Перед московским концертом ПЬЕР БАСТЬЕН побеседовал с ИРИНОЙ Ъ-КУЛИК о роботах, электронной музыке и дадаизме.
— Ваш механический оркестр — это музыкальный инструмент или же визуальная инсталляция?
— Мне комфортнее, когда звук остается как бы на заднем плане. Но я все же воспринимаю себя как музыканта, а не как представителя современного искусства. Художник на моем месте создал бы уже 20 различных миров, а мне интересно исследовать один-единственный мир. Я меняю музыкальные композиции, а не картинку.
— Вы ищете новые звучания или новые способы производить звук?
— Я придумываю новые процессы. Например, в последнее время я начал работать с моими машинами вручную — но вы не столько услышите это, сколько увидите. Раньше я просто запускал мои машины и смотрел, как они играют. А теперь я сам взаимодействую с ними, вхожу в сконструированный мною мир — правда, в полный рост я там все же не помещаюсь. На экране, куда проецируется картинка с камеры, снимающей наш концерт, вы увидите только мои пальцы.
— Откуда пришла идея вашего оркестра — из музыки, из искусства, из литературы?
— Отправной точкой была все же литература: я начал конструировать мой оркестр после того, как прочел французского фантаста и предтечу сюрреализма Раймона Русселя, писавшего очень необычные романы, состоящие почти сплошь из описаний всяких невероятных изобретений. В изобразительном искусстве для меня, наверное, был важен дадаист Франсис Пикабиа с его механоморфными картинами. Собственно музыкальные влияния не были решающими. Хотя, несомненно, для меня много значит минимализм — знаете, все эти оркестры, которые играют немного как машина, как, например, оркестры у Стива Райха. В последнее время слушаю я в основном электронную музыку — именно она сейчас наиболее изобретательна ну и потому что у меня там много друзей, например Афекс Твин. Единственное, чего мне не хватает в электронной музыке,— мы никогда не видим, как именно она делается, например, как работает диджей. Между тем сами вращающиеся винилы, которыми он манипулирует,— очень красивая вещь. Марсель Дюшан, например, когда-то сделал работы с вертушками для пластинок — "Роторельефы". Странно, что никто из диджеев не вернулся к его идее. А вот те видеомиксты, которые сопутствуют электронной музыке, я не понимаю — мне никогда не удалось понять, как связаны звук и изображение.
— Кто-то из деятелей электронной культуры сказал, что дело в том, что и музыка, и виио созданы на одном и том же компьютере и при помощи схожих программ.
— Тогда мы становимся игрушкой в руках инженеров, которые изготавливают компьютеры. А именно этого я хотел бы избежать. Это не имеет ничего общего с интересующим меня исследованием механической, роботоподобной музыки, с которым пока очень мало кто работает.

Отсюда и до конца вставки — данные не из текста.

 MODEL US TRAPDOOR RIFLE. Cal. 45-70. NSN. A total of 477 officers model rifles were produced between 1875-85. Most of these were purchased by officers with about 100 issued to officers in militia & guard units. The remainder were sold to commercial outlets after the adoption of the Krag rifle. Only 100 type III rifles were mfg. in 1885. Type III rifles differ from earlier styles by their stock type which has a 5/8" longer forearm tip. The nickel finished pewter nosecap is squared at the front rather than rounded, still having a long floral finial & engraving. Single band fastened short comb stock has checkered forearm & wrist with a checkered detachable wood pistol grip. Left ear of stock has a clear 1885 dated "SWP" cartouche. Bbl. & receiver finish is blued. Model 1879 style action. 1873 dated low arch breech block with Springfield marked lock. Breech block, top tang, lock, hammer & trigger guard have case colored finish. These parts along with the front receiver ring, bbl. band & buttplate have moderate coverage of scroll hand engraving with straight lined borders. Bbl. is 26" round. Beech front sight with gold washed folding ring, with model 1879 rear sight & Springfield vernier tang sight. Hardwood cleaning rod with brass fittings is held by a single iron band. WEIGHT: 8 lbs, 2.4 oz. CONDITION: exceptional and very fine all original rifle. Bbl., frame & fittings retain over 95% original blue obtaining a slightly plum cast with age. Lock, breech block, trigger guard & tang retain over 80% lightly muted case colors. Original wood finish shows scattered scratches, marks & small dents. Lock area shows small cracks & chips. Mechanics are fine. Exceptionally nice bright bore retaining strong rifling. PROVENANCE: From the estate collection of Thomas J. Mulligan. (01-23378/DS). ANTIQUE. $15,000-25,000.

— В Японии существует целый оркестр роботов.
— Это может быть очень интересно. Но все зависит от того, что именно эти роботы играют. Их ведь могут заставить исполнять Моцарта — и это будет свидетельством полного отсутствия воображения. Зачем роботу играть Моцарта? Зачем заставлять его подражать живому музыканту, ведь он может сыграть то, на что неспособен ни один человек? У робота ведь может быть не 10, а 20 или 40 пальцев, и писать для него нужно какие-нибудь небывалые фортепьянные концерты для 40-палых музыкантов. Моя музыка — это скорее нечто противоположное. Мои машины могут сыграть гораздо меньше, чем живой музыкант. Именно поэтому я играю с ними охотнее, чем с людьми. Люди играют слишком много — они знают слишком много музыки, они стремятся показать свое умение. А машинам не надоедает играть три ноты десять минут подряд.
— Но вы все же работали со многими примечательными людьми, как музыкантами так и художниками. Каким образом им удалось вписаться в вашу механическую утопию?
— Каждый раз эти взаимоотношения складывались по-разному. С художником Пьерриком Сореном нас сближает общее несколько дадаистское мироощущение, чувство смехотворности мира и в то же время желание делать очень простые и в то же время волшебные вещи — знаете, как в старых фильмах Жоржа Мельеса, которые мы оба очень любим? С музыкантом и композитором Паскалем Комеладом, с которым я сотрудничал скорее как один из музыкантов его оркестра — он только один раз играл вместе с моими машинами, нас объединяет столь редкий в современном мире интерес к нестандартным оркестровкам. А Алексей Айги, с которым мы не в первый раз выступаем сегодня,— один из крайне редких музыкантов, который, несмотря на все свое классическое мастерство, готов играть вместе с моими самодельными машинами, играющими заведомо плохо.